To increase evacuees' sense of comfort at the shelters, DSS will apply a modified American Red Cross standard of 30 square feet per person for both pre- and post-storm sleeping arrangements. The American Red Cross (ARC) standard is 20 square feet before a storm and 40 square feet after the storm.

Each shelter will be pre-stocked with a three-day supply of Meals Ready to Eat, water and comfort kits, with extra inventory warehoused to replenish stock.  Televisions will be available at each shelter to provide updated news and information to evacuees, along with phone banks to allow for short calls to family members.  Public Information Officers will be located in each shelter, along with interpreters to assist the visually and hearing impaired and evacuees who do not speak English.

A major change to the sheltering plan is establishing a point-to-point shelter model. In this evacuation model, evacuating parishes make an agreement with a host parish to receive its residents.  Generally, under these agreements, the ARC manages and staffs the shelter, while the state fills in any gaps in supplies, transportation and other requirements.

"Point-to-point sheltering allows parishes to better track where its residents are housed during a disaster," said Nichols. "The result is improved communication between parishes and residents, as well as better advocacy for those citizens."
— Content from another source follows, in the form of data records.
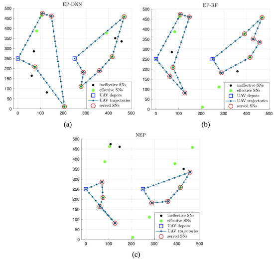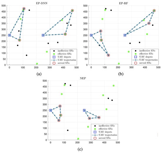 6.2. Illustrations of Optimized UAV Trajectories and SN Serve Scheduling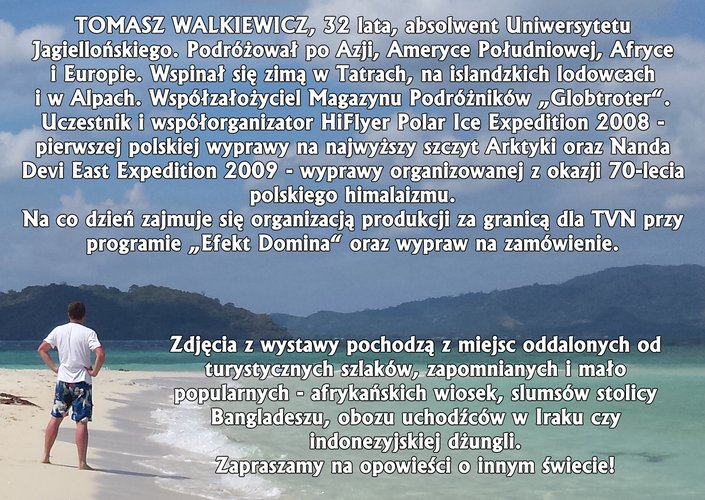 TOMASZ WALKIEWICZ, 32 lata, absolwent Uniwersytetu Jagiellońskiego. Podróżował po Azji, Ameryce Południowej, Afryce i Europie. Wspinał się zimą w Tatrach, na islandzkich lodowcach i w Alpach. Współzałożyciel Magazynu Podróżników "Globtroter". Uczestnik i współorganizator HiFlyer Polar Ice Expedition 2008 - pierwszej polskiej wyprawy na najwyższy szczyt Arktyki oraz Nanda Devi East Expedition 2009 - wyprawy organizowanej z okazji 70-lecia polskiego himalaizmu. Na co dzień zajmuje się organizacją produkcji za granicą dla TVN przy programie "Efekt Domina" oraz wypraw na zamówienie.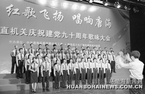 5月25日,唐海县直机关庆祝建党90周年暨“红歌飞扬,唱响唐海”歌咏大会拉开帷幕。来自县直机关的6支合唱队400余人,通过演唱《长江之歌》《歌唱祖国》等激昂奋进的经典红色歌曲向建党90周年献礼。 郑永春、王倩 摄

In the event of a full coastal evacuation, blended sheltering will be in effect. Shelters will house both critical transportation needs evacuees, as well as general population evacuees. Blended shelters will be staffed by the American Red Cross.

"We hope these improvements will result in a better experience for evacuees during a storm," said Nichols. "Although no shelter can duplicate a home environment, making sure our citizens are safe and comfortable is a top priority."
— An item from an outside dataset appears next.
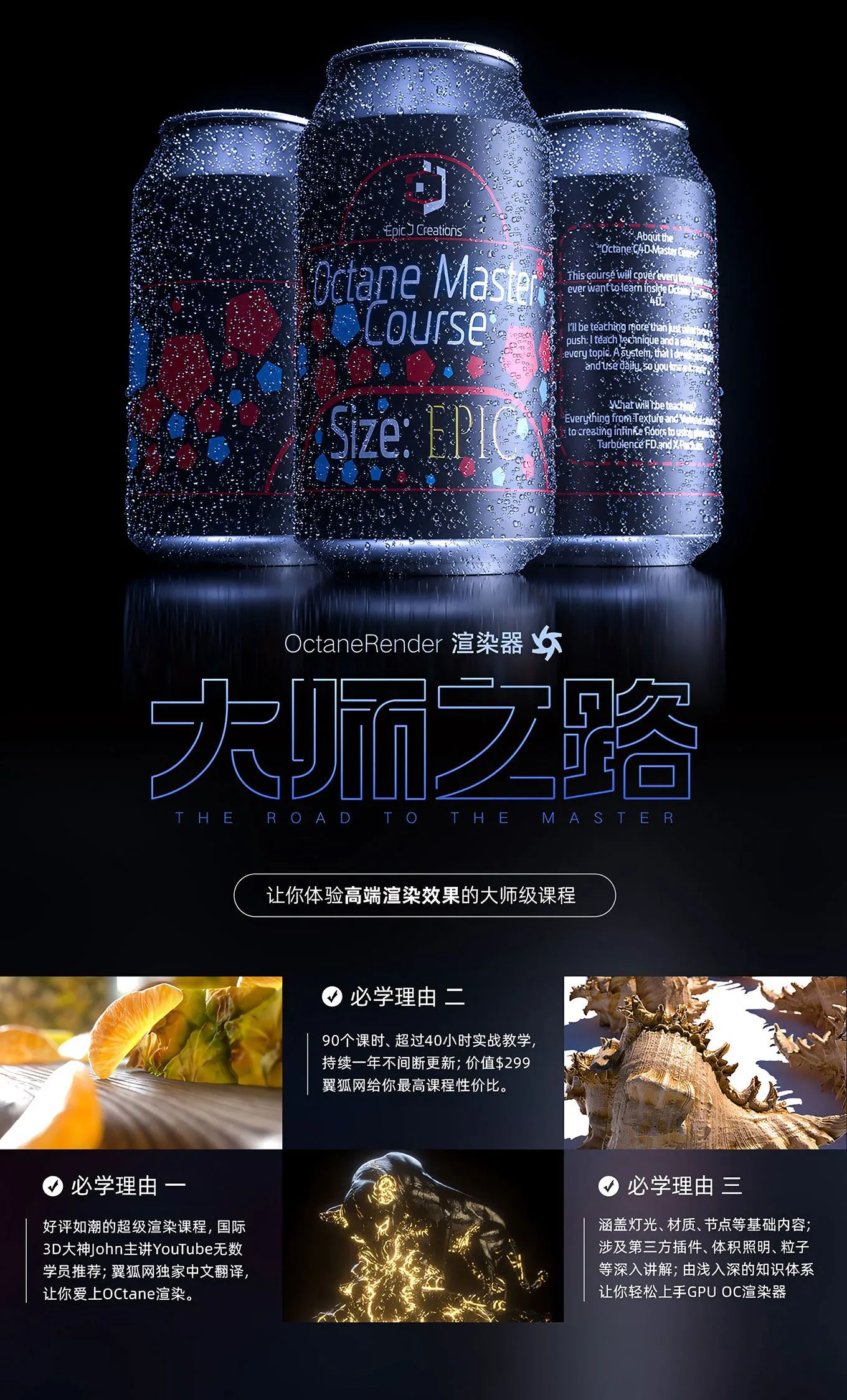 这是一套风靡全网的顶尖OCtane渲染器教学,也是OC在Cinema 4D中的第一个全面的全系列视频教程。适用于各个阶段模型师、影视后期乃至平面设计师,涵盖了您想要了解的关于Octane以及它如何与Cinema 4D交互的所有内容;3D图形艺术家John Burdock主讲,一经发布立立即获得广大同行与模型学员推荐。

Earlier this year, DSS, along with the Governor's Office of Homeland Security and Emergency Preparedness, announced that 50,000 shelter spaces were available to house evacuees in a disaster, including 26,000 spaces provided by five partnering states.

States offering shelter space for planning purposes are:
  • Texas - 10,000 spaces
  • Georgia - 5,000 spaces
  • Tennessee - 5,000 spaces
  • Arkansas - 4,000 spaces
  • Kentucky - 2,000 spaces
Louisiana has state and parish-run CTNS spaces in Shreveport, Monroe, Bastrop and Alexandria that can house 12,300 evacuees. Seven medical special needs shelters statewide can accommodate 2,750 patients and caregivers. In addition, the American Red Cross, who historically has managed the majority of shelters within Louisiana and is partnering with the State in shelter planning and implementation, is identifying at least 11,000 CTNS spaces across the state.

Last year, Hurricane Gustav forced the state to call for a full coastal evacuation. It was the first time officials required residents of both southeast and southwest Louisiana to leave their homes in advance of a storm. Of the estimated two million evacuees, 37,000 were housed in Critical Transportation Needs Shelters, in and out of the state.